3. Mark allocations are shown in brackets.
4. Attempt all 3 questions, beginning your answer to each question on a new page of your
Word file.
5. The CSV file datatrain.csv accompanies this exam paper.
The filename of your Word file must include your ARN, and the paper sat (e.g. "9000000 CS1B" and each
page of the file should contain your ARN as a header or footer.
Please note that the content of this booklet is confidential and you are not to discuss or reveal the
content under any circumstances nor are they to be used in a further attempt at the examination.
If you encounter any issues during the examination please contact the Online Education team at
online_exams@actuaries.org.uk T. 0044 (0) 1865 268 255Question 1
In a medical study conducted to test the suggestion that daily exercise has the effect of
lowering blood pressure, a sample of eight patients with high blood pressure was selected.
Their blood pressure was measured initially and then again a month later after they had
participated in an exercise programme. The results are shown in the table below:
Patient 1 2 3 4 5 6 7 8
Before 155 152 146 153 146 160 139 148
After 145 147 123 137 141 142 140 138
(i) Derive a two-sided 90% confidence interval for the mean difference in the patients’
blood pressure before and after participating in an exercise programme. [8]

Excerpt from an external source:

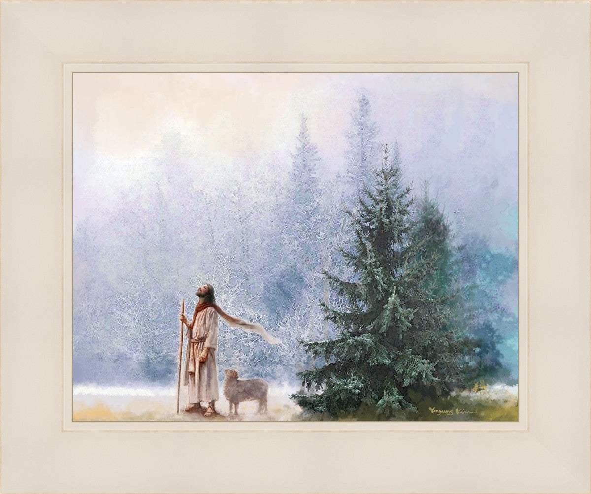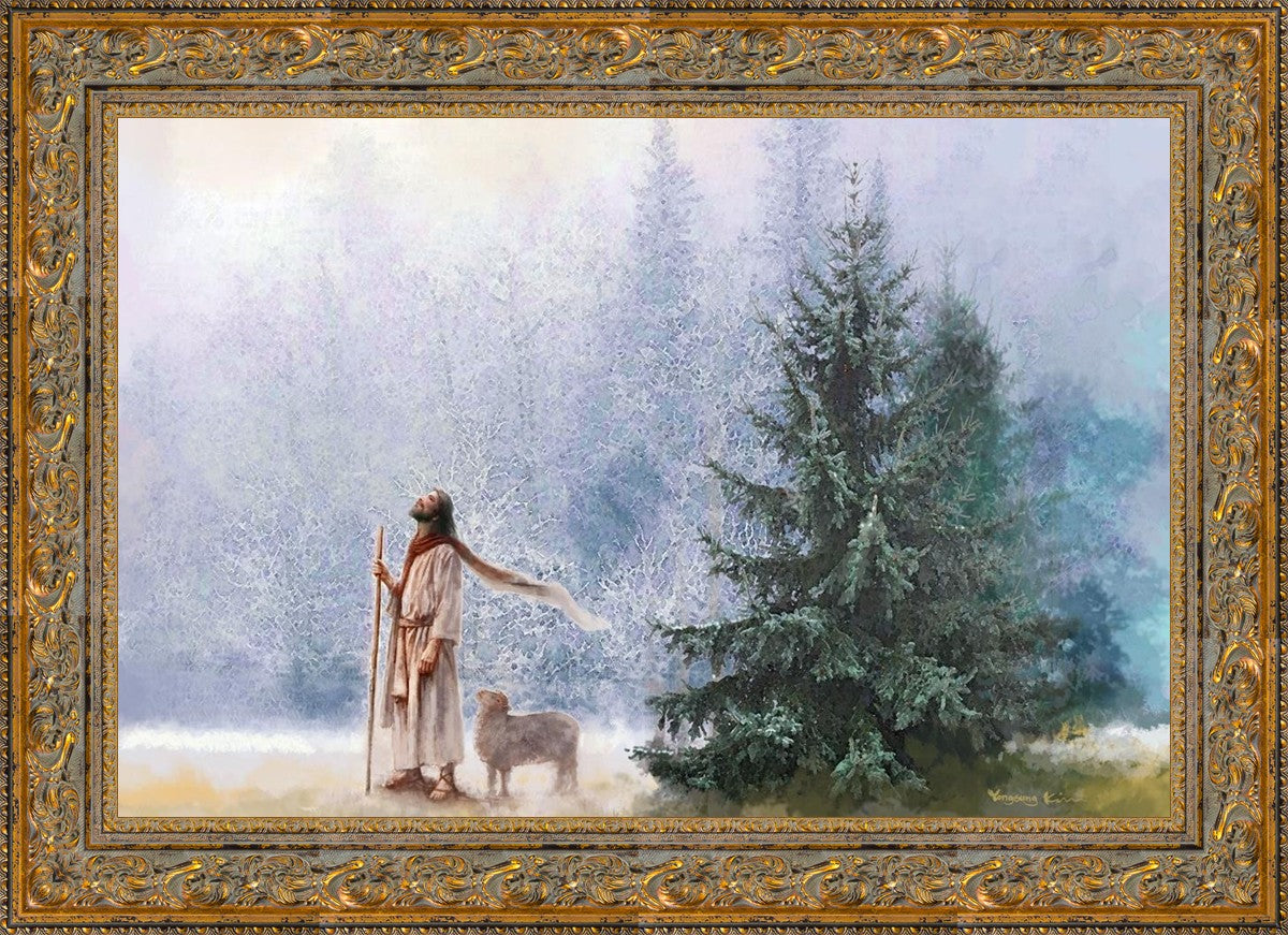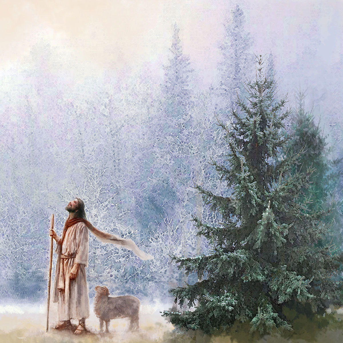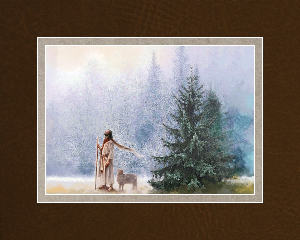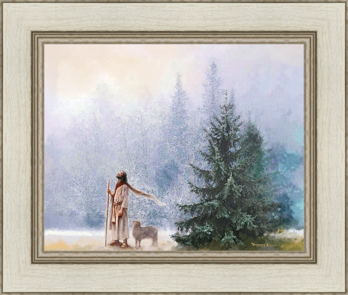 Heavenward by Yongsung Kim depicts Jesus, surrounded by trees, walking with a lamb and looking upward to the Heavens.

(ii) Perform a suitable t-test for the null hypothesis that the mean difference in the
patients’ blood pressure before and after participating in an exercise programme is
less than or equal to 10 units, against the alternative that it is greater than 10 units.
Use a significance level of 1%. [7]
[Total 15]
Question 2
A Bayesian credibility model is used to model annual claim numbers, denoted by X, for the
coming year. These are assumed to have a Poisson distribution with mean, where itself is
modelled by a gamma distribution with parameters = 100 and = 1.
(i) (a) Implement M = 1000 Monte Carlo repetitions of a credibility analysis to
estimate the distribution of the posterior mean of parameter using the
credibility factor Z = 1/( + 1), in the case where the number of past claims
is known only for the last one year.
(b) Provide the histogram of the 1000 Monte Carlo posterior mean estimates
calculated in part (i)(a).
[15]
(ii) (a) Calculate the mean and variance of the Monte Carlo posterior mean estimates
from part (i).
(b) Compare the Monte Carlo mean and variance obtained in part (ii)(a) with
those obtained from samples of size 1000 drawn from a
Gamma(+ 1) distribution. Round your results to three decimal
places. [12]
(iii) Comment on your findings in parts (i) and (ii). [3]
[Total 30]Question 3
A general insurance company is building a generalised linear model (GLM) to analyse claim
numbers for a motor insurance policy. For every policy in the past three years, the company
has collected the number of reported claims and the following data:
Age: Age of policyholder, a number between 18 and 100.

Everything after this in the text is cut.